# Forum General Introduce Yourself  Hi. I'm Leslie and my professor was Ben T. Clark at UCSC

## Imagineer

Russian for Americans was updated as  Russian, 3rd. Edition, by Ben T. Clark..  I was his student in 1981-82 and it is a good book.  He tested it out on me and a dozen other students. We were only given one chapater at a time so we couldn't study ahead and that was irritating, but the finished book, "Russian" is very good.  I purched it as soon as it was in print.   
---------------------------------
The universe is free
Find what you love and love it as best you can. 
I was his student at UCSC in 1981 and 1982.  You might get them from the library, or audio library at UCSC.  It would be odd for them to not be there of all places. 
University of California, Santa Cruz, California.  We were very lucky to have him as our professor.  He was very upbeat and funny for our good. 
Such an odd thing, but so help me, the final exam of each quarter had that question.  How to write, "Have you stopped smoking? or Have you stopped smoking yet?". Gah.  It would be the only mistake every goshdarn final exam.  So, explain it to me please so I can laugh about it. 
The professor asked my how many hours it took me to study each chapter.  I could swear that "Russian for Americans" was more formal that the chapters he handed out each week.  That's right, a chapter each week. And the exams were for 1 1/2 hours long including time in the hall answering his questions verbally  It was two classes in one but with only a dozen students. It was great getting that kind of attention.  I'm terrible at languages but I totally aced every class..except for "Have you stopped smoking yet?" 

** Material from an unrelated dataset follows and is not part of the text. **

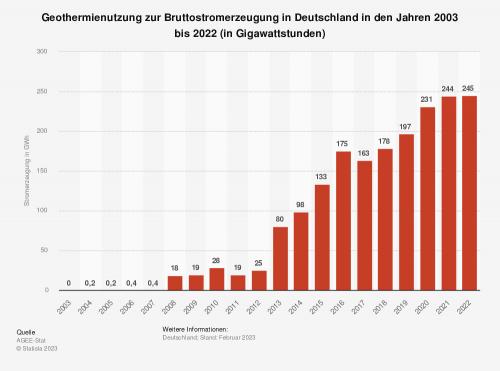 Die Statistik zeigt die Entwicklung der Bruttostromerzeugung aus Geothermie in Deutschland in den Jahren 2003 bis 2022. Im Jahr 2022 wurden in Deutschland rund 245 Gigawattstunden Strom aus Geothermieanlagen erzeugt.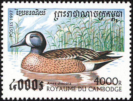 Visibility: public Image owner: none postage 4/7/1997 4000r multi dt=ducks (1997) d=Anas discors (1997 Cambodia) unwmk Crops No visible images cropped from this one. Measurements Resolution is unknown. Source Source name: Colnect File URL: http://i.colnect.net/images/b/1527/007/Blue-winged-Teal-Anas-discors.jpg Uploaded September 10, 2014, 7:08 pm by Stan Shebs |

He was one of only 2 russian language professors at the Universily of California, Santa Cruz.  He lived in the most beautiful victorian home in the city. When I read in the newspaper he had died, I cried. 
I went on to become the International Exchange specialist at The University of Washington, Seattle.  The Slavic, East European, Central Asian, Baltic, and now Scandinavian studies.  I'm long since gone on to get higher pay, they didn't pay well back in 1990-1999 but it was an honor.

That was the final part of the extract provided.